THE PROBLEM =>
The output should be the listing below, limited to the lines from the one with "The control module" through the one with "全新地图图标,与 iOS 15 beta 2 相匹配", exact and without pictures.

EXCERPTED RECORDS =>
┌──
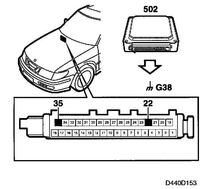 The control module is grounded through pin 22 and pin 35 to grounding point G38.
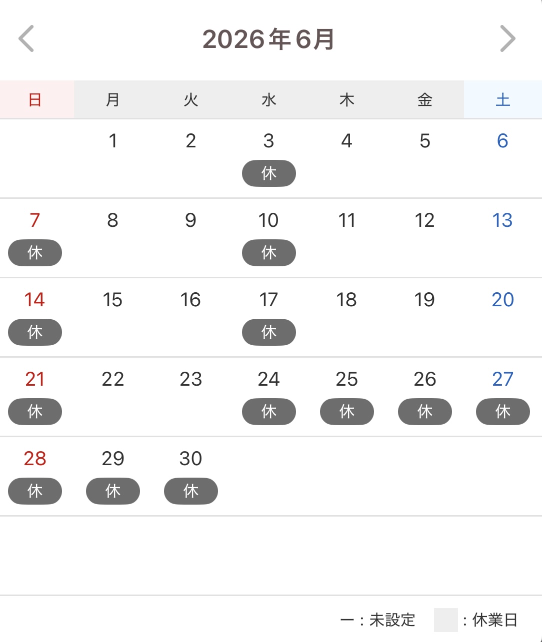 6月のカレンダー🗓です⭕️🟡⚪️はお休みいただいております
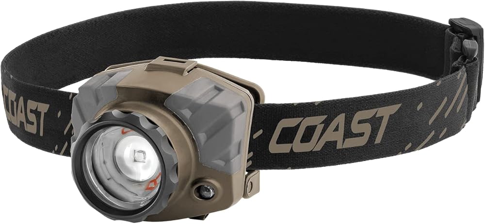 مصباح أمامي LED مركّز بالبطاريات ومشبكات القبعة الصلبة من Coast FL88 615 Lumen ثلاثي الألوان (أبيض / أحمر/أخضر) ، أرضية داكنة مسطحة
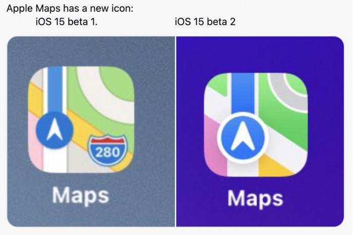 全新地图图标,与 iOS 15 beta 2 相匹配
└──
┌──
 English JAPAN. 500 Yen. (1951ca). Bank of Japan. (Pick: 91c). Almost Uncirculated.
└──
RESULT =>
 The control module is grounded through pin 22 and pin 35 to grounding point G38.
 6月のカレンダー🗓です⭕️🟡⚪️はお休みいただいております
 مصباح أمامي LED مركّز بالبطاريات ومشبكات القبعة الصلبة من Coast FL88 615 Lumen ثلاثي الألوان (أبيض / أحمر/أخضر) ، أرضية داكنة مسطحة
 全新地图图标,与 iOS 15 beta 2 相匹配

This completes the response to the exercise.